Data in this exercise
'''

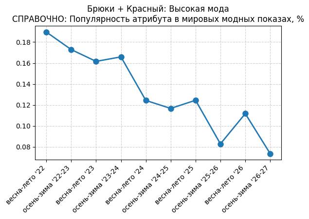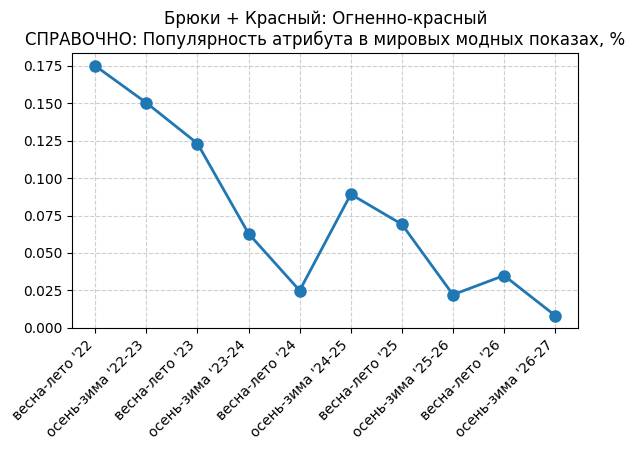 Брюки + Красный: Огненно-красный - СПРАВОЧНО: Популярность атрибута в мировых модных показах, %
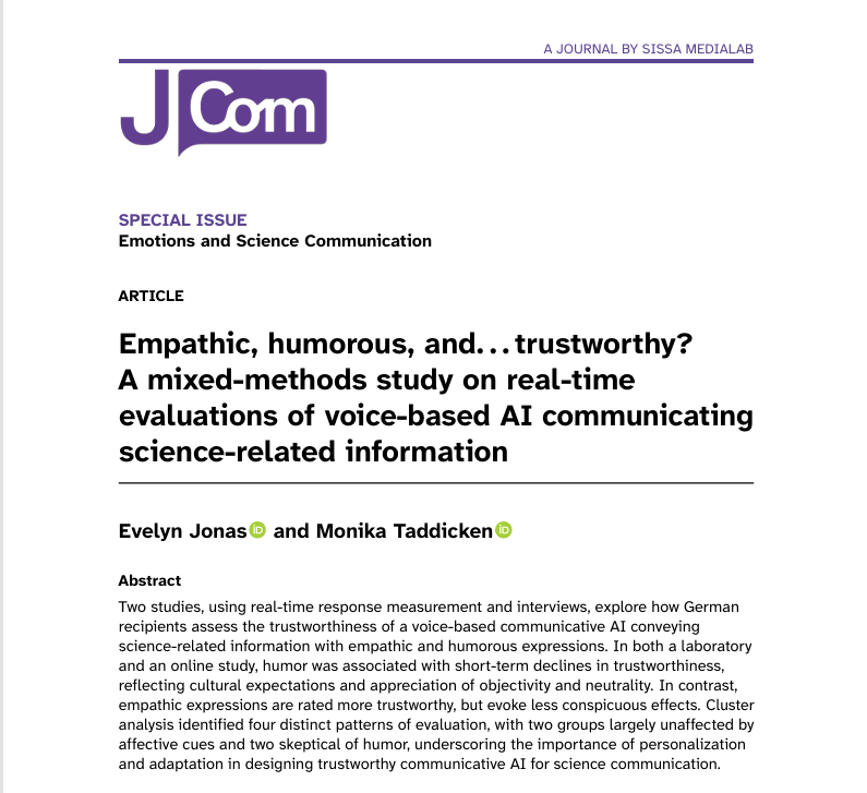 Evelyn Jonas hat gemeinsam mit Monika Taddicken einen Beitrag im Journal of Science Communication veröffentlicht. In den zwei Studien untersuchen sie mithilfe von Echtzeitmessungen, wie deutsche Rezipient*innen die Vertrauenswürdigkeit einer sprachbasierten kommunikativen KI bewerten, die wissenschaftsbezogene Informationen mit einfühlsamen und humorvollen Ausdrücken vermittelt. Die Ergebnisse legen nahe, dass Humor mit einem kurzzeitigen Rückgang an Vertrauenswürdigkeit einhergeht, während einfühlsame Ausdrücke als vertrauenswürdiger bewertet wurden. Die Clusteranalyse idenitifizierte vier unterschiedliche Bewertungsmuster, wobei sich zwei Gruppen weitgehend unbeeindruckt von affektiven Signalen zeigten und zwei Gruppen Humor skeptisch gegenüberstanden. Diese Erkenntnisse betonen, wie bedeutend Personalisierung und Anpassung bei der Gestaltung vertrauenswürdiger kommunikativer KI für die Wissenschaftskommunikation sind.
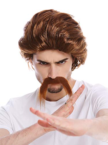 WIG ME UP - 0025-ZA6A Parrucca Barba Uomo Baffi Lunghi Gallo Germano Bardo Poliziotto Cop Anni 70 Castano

'''
'''

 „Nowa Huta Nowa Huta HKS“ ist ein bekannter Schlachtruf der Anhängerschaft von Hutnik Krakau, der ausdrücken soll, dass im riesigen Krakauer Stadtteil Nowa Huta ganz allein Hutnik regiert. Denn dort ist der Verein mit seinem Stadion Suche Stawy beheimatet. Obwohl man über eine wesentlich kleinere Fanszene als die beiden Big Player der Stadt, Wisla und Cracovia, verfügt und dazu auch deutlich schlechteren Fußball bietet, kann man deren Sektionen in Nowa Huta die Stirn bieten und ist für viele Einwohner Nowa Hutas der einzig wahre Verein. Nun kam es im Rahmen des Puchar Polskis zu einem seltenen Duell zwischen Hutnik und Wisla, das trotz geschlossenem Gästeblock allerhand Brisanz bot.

'''

Leave out every picture, and copy exactly the lines above starting at the one holding "Брюки + Красный: Огненно-красный" and ending at the one holding "WIG ME UP - 0025-ZA6A", no more and no less.

 Брюки + Красный: Огненно-красный - СПРАВОЧНО: Популярность атрибута в мировых модных показах, %
 Evelyn Jonas hat gemeinsam mit Monika Taddicken einen Beitrag im Journal of Science Communication veröffentlicht. In den zwei Studien untersuchen sie mithilfe von Echtzeitmessungen, wie deutsche Rezipient*innen die Vertrauenswürdigkeit einer sprachbasierten kommunikativen KI bewerten, die wissenschaftsbezogene Informationen mit einfühlsamen und humorvollen Ausdrücken vermittelt. Die Ergebnisse legen nahe, dass Humor mit einem kurzzeitigen Rückgang an Vertrauenswürdigkeit einhergeht, während einfühlsame Ausdrücke als vertrauenswürdiger bewertet wurden. Die Clusteranalyse idenitifizierte vier unterschiedliche Bewertungsmuster, wobei sich zwei Gruppen weitgehend unbeeindruckt von affektiven Signalen zeigten und zwei Gruppen Humor skeptisch gegenüberstanden. Diese Erkenntnisse betonen, wie bedeutend Personalisierung und Anpassung bei der Gestaltung vertrauenswürdiger kommunikativer KI für die Wissenschaftskommunikation sind.
 WIG ME UP - 0025-ZA6A Parrucca Barba Uomo Baffi Lunghi Gallo Germano Bardo Poliziotto Cop Anni 70 Castano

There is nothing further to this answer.